The current global trend is to develop teaching models that accelerate the learning curve for highly demanding procedures that are associated with potentially serious complications. With these models it is possible to test endoscopists through continuous supervised evaluations. Implementation by gastroenterology units can be done easily without the need for large investments or travel to other countries.

Conclusions:

This is a great contribution to the scientific and educational development of Colombia since neither development of new endoscopic techniques nor the process of learning how to perform them should put patients at risk. We agree with the ideas of numerous medical associations regarding theoretical-practical courses of short duration even though some virtual sessions, “do not constitute the minimum training required needed for accreditation”.

Keywords: POEM; elastography; echoendoscopy; achalasia; cystic lesions; solid tumors

Resumen

Objetivos:

presentar el desarrollo de modelos educativos para el aprendizaje de dos técnicas endoscópicas vigentes, ampliamente difundidas y de gran implicación clínica, con la única intención de permitir la adquisición de destrezas básicas y avanzadas a residentes y gastroenterólogos.

Materiales y métodos:

se idearon dos modelos sencillos, de muy bajo costo, fácilmente reproducibles y reutilizables, con los cuales se logra ejecutar la totalidad de los procedimientos descritos. Además, permiten al operador integrar el desarrollo de habilidades y la adquisición de los conceptos teóricos mínimos requeridos, sin las presiones generadas por el riesgo existente de complicaciones.

Resultados:

la tendencia actual a nivel mundial se conduce hacia el desarrollo de modelos de enseñanza que aceleren la curva de aprendizaje, así como de procedimientos altamente exigentes y asociados a complicaciones potencialmente graves. Con estos modelos es posible poner a prueba al endoscopista, mediante una evaluación continua y supervisada. Su implementación en unidades de gastroenterología es sencilla, sin la necesidad de una inversión superlativa o el desplazamiento a otros países.

Conclusiones:

se trata de un gran aporte al desarrollo científico y educativo de nuestro país, ya que la creación y la implementación de nuevas técnicas endoscópicas y su aprendizaje no deben ser asumidos por los pacientes. En este punto, estamos de acuerdo con los conceptos emitidos por diferentes asociaciones médicas respecto a que los cursos teórico-prácticos de corta duración -y en algunas ocasiones virtuales- no constituyen una formación mínima, requerida para lograr la acreditación.
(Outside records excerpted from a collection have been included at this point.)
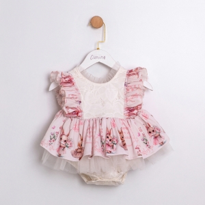 MİNİK TAVŞAN DESENLİ KIZ BEBEK ELBİSE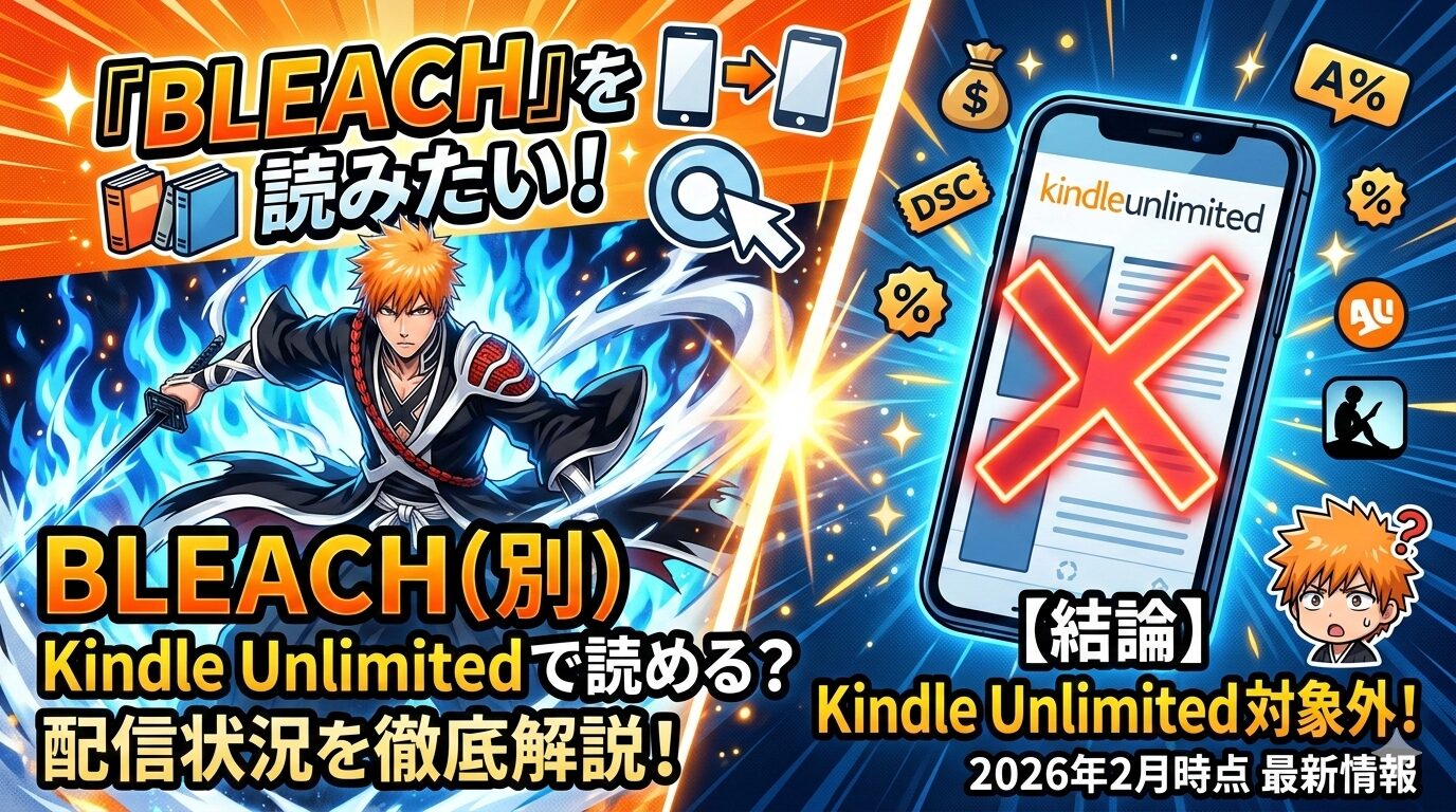 「BLEACH(別)」で検索しているあなたへ。結論から言うと、BLEACHのカラー版や関連エディションを含め、Kindle Unlimitedの読み放題対象にはなっていません。本記事では2026年2月時点の最新配信状況、全巻をお得に読む方法、読者の口コミ・評判まで徹底的に解説します。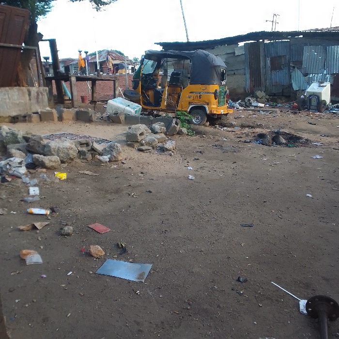 The image depicts an unpaved, debris-strewn urban environment in the city of Unknown, Unknown, under an overcast sky
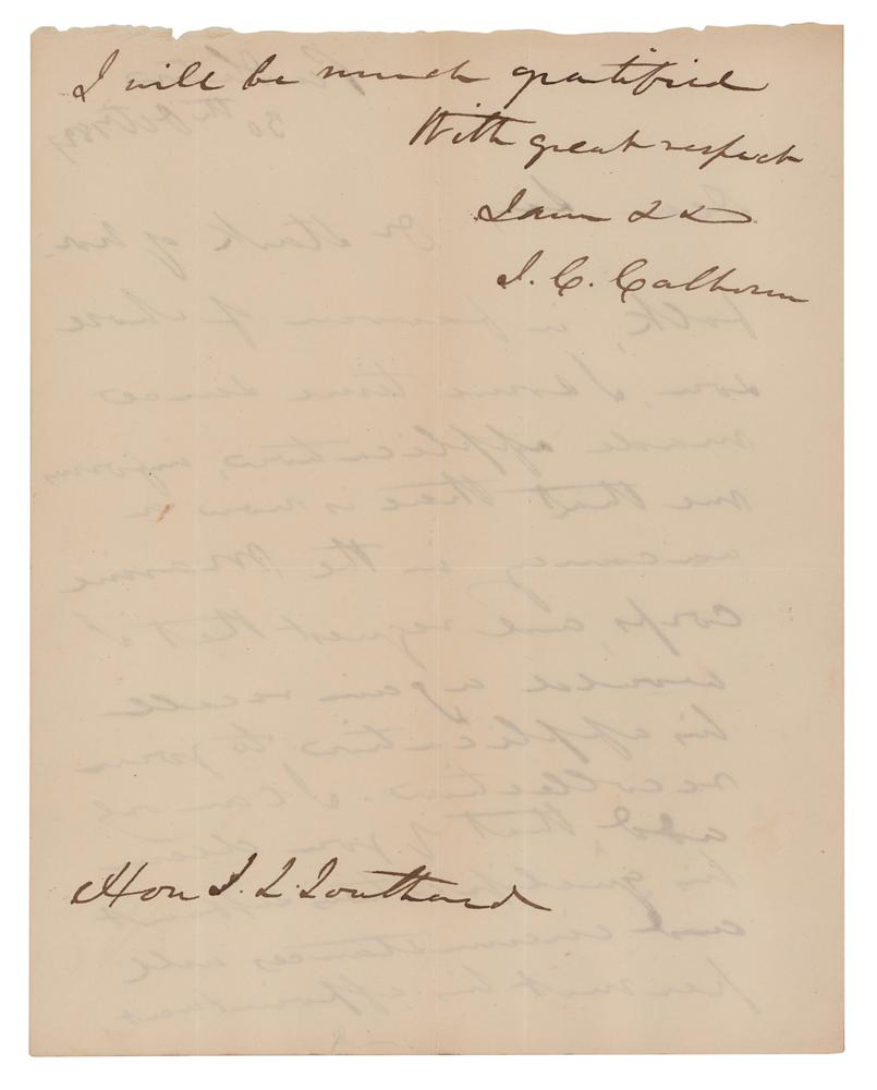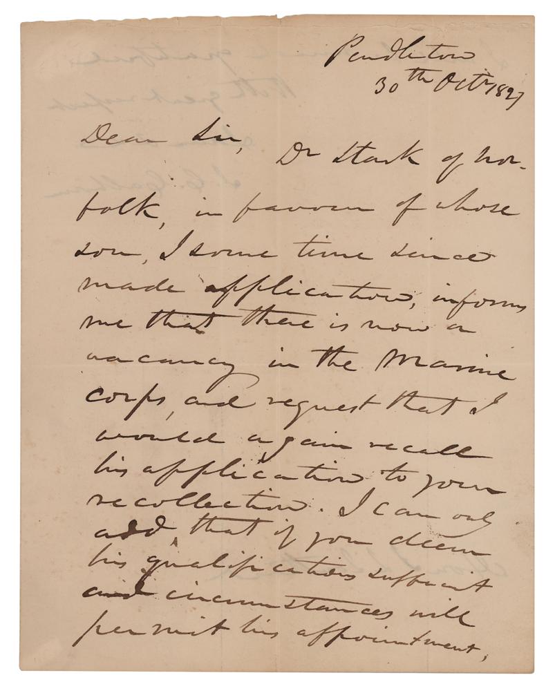 Prominent American politician (1782-1850) who served as vice president under John Quincy Adams and Andrew Jackson. He later wielded great power and influence in the Senate as a champion of Southern causes, including slavery. ALS signed "J. C. Calhoun," one page both sides, 7.5 x 9.5, October 30, 1827. Handwritten letter to Secretary of the Navy Samuel L. Southard, in full: "Dr. Stark of Norfolk, in favour of whose son, I some time since made application, informs me that there is now a vacancy in the Marine Corps, and request that I would again recall his application to your recollection. I can only add that if you deem his qualifications sufficient and circumstances will permit his appointment, I will be much gratified." In fine condition.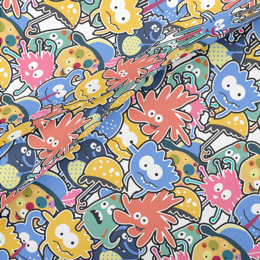 搞怪畸形的外星人圖案薄棉布(幅寬150公分)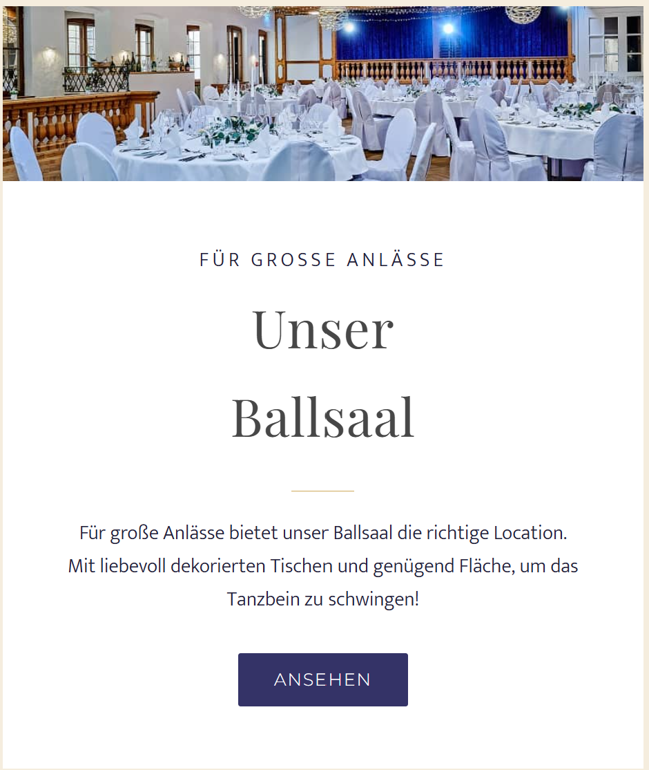 Auch für große Veranstaltungen stehen wir Ihnen mit unserer Eventlocation und unserem Know-How zur Verfügung. Unser Ballsaal bietet Raum für ganz besondere Anlässe wie Hochzeiten, Firmenfeiern, Tanzabende und Bühnenshows. Insgesamt 150 Personen können im Ballsaal gemeinsam feiern. Selbstverständlich unterstützen wir Sie gerne bei der Planung – denn Ihr Event zu einem unvergesslichen Erlebnis zu machen, ist uns eine Herzensangelegenheit!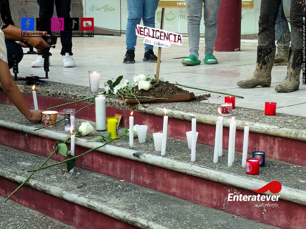 «Hoy frente al palacio municipal encendemos estás veladoras, en honor por cada persona que perdió la vida, por cada familia afectadas y por un pueblo que se niega ser silenciado, no fueron lluvias ligeras, mucho menos un desbordamiento ligero como lo han querido pintar» expresaron.

Palabras clave: POEM; elastografía; ecoendoscopia; acalasia; lesiones quísticas; tumores sólidos

Introduction

This article’s aim is to encourage development of educational models based on two extremely interesting and widely used endoscopic techniques. Our objectives are to allow residents and gastroenterologists to acquire basic and advanced skills and to define a systematic evaluation method that contributes to establishing minimum objective requirements for their performance.

In our opinion, implementation of these models is a necessity given that short practical courses do not provide the minimum training required for accreditation in these procedures. On this point, we agree with a great diversity of medical associations.

The explosion of newly developed endoscopic techniques requires continuous exercise of procedural skills which should not be performed on patients since complications derived from malpractice are unacceptable. 1 Therefore, it is urgent to establish structured programs for learning advanced techniques without requirement burdensome investments or travel to other countries. 2,3

Currently available simulators include animal models, biological simulators and virtual simulators. They can be used accelerate the learning curve of training or to maintain competence in those who need retraining after long periods without exercising these skills. 4

A recent opinion of the American Society for Gastrointestinal Endoscopy (ASGE) considers that virtual simulation is inferior to in vivo animal models and simulators with organic parts. 5

Endoscopic myotomy by oral route

Peroral Endoscopic Myotomy (POEM) is a demanding procedure with potentially serious complications. 6 Given its complexity, endoscopy societies worldwide recommend that physicians who have mastered advanced therapeutic procedures should be provided with training strategies that simulate POEM procedural clinical scenarios prior to use on human beings. 7

Multiple models currently being developed can be divided into biological and non-biological. Of these the use of foams, explanted animal esophagi and stomachs, and sedated live animals stand out. 8 Pigs are probably the most appropriate animal model for developing skills and techniques for endoscopic myotomy.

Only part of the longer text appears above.